The attitudes of western Europe to a “strong” US have always been contradictory – but rarely more so than today. On the one hand, most governments are anxious to see Washington pursue a more consistent and self confident international foreign policy. On the other, the Europeans are not willing to revert to the relationship of subservient client states which obtained in the immediate postwar period when the US clearly ruled the waves.
The Europeans criticised the Carter administration for vacillation and inconsistency but remained reluctant to conclude that not just the power of the US presidency but that of the United States itself was in decline. To do so would have been to ask themselves questions about the longer-term direction of European foreign and defence policy to which no one had – or for that matter still has – any credible answers. The almost universal assumption in European capitals is that after a brief “honeymoon” period, serious frictions will develop between the US and the European members of Nato over defence policy and with the Common Market over foreign and possibly, commercial, policy. Some Nato strategists even fear that arguments over arms spending targets and also the deployment of cruise nuclear missiles could weaken the alliance during a period of potentially serious confrontation with the Soviet Union.
(Excerpt) Read more at theguardian.com ...

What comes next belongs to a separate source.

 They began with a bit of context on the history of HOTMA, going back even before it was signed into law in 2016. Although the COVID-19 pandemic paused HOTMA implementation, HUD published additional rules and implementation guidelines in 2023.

Ironically, today Reagan is more popular in Russia than any other US President, because they respected him as a leader.
I remember it well. Lots of anger and marches in Europe. Reagan was a war-monger. Nukes would fly. We would all die.

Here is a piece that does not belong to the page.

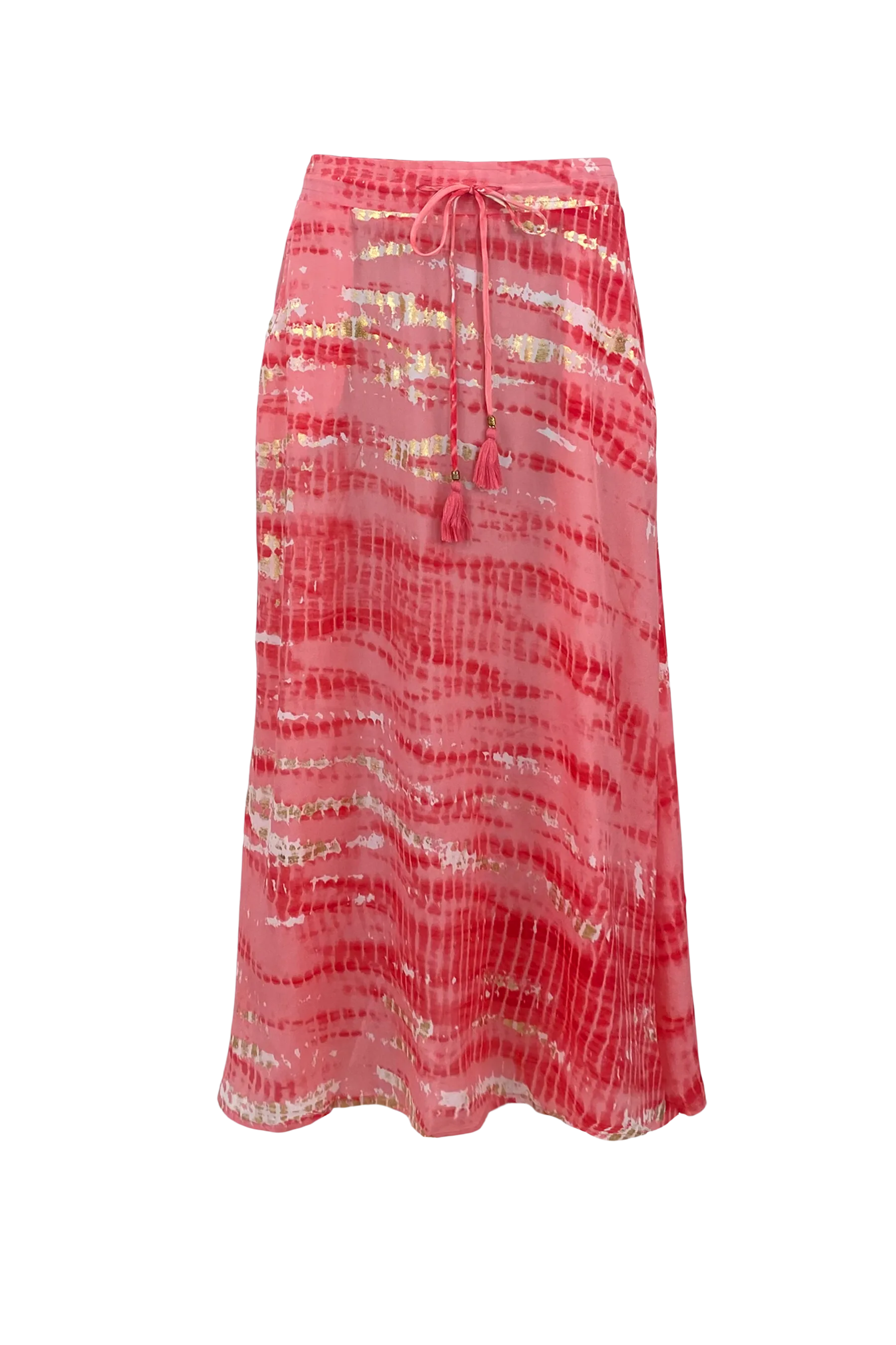 7/8 længde nederdele i strygefrit material. med lommer, fast linning foran og elastik bagpå. Print i coral, rosa, hvid og guld

But he ended the Cold War, broke up the USSR, freed Eastern Europe, and united Germany.
Trump’s accomplishments may end up being greater.
Amen

So many great songs predicting Reagan would blow us all up. The Fixx made a career of it.
peace through strenth.
Some that come to mind in addition to Nena-99 Luftballoons:
Men At Work - It’s A Mistake
Genesis - Land of Confusion
Timbuk 3 - Future’s So Bright, I Gotta Wear Shades
Sting - Russians
Fixx - Red Skies at Night
Frankie Goes To Hollywood - Two Tribes
Europe - The Final Countdown
I have a toaster made in “West Germany” it is a nice souvenir of the pre-Reagan World.
How cool
Phil Collins also
Genesis, over the years had several songs about Nuclear war, going all the way back to 1970s “Stagnation” on the Tresspass album.
Then there’s “Afterglow” from 1977.
I'm a big Reagan fan ( even tho he did do a lot of stupid stuff and I blame that on CIA advisors), but the Gipper just got replaced as best us president ever
1986 amnesty. He got rolled
Don Henley’s The End of the Innocence
From Wikipedia:
Henley ensured there would be two political comments in the video:
At the line “they’re beating plowshares into swords, for this tired old man that we elected king,” a series of campaign posters of U.S. President Ronald Reagan is shown.At the line “lawyers clean up all details,” a television set playing the congressional testimony of Oliver North appears on-screen.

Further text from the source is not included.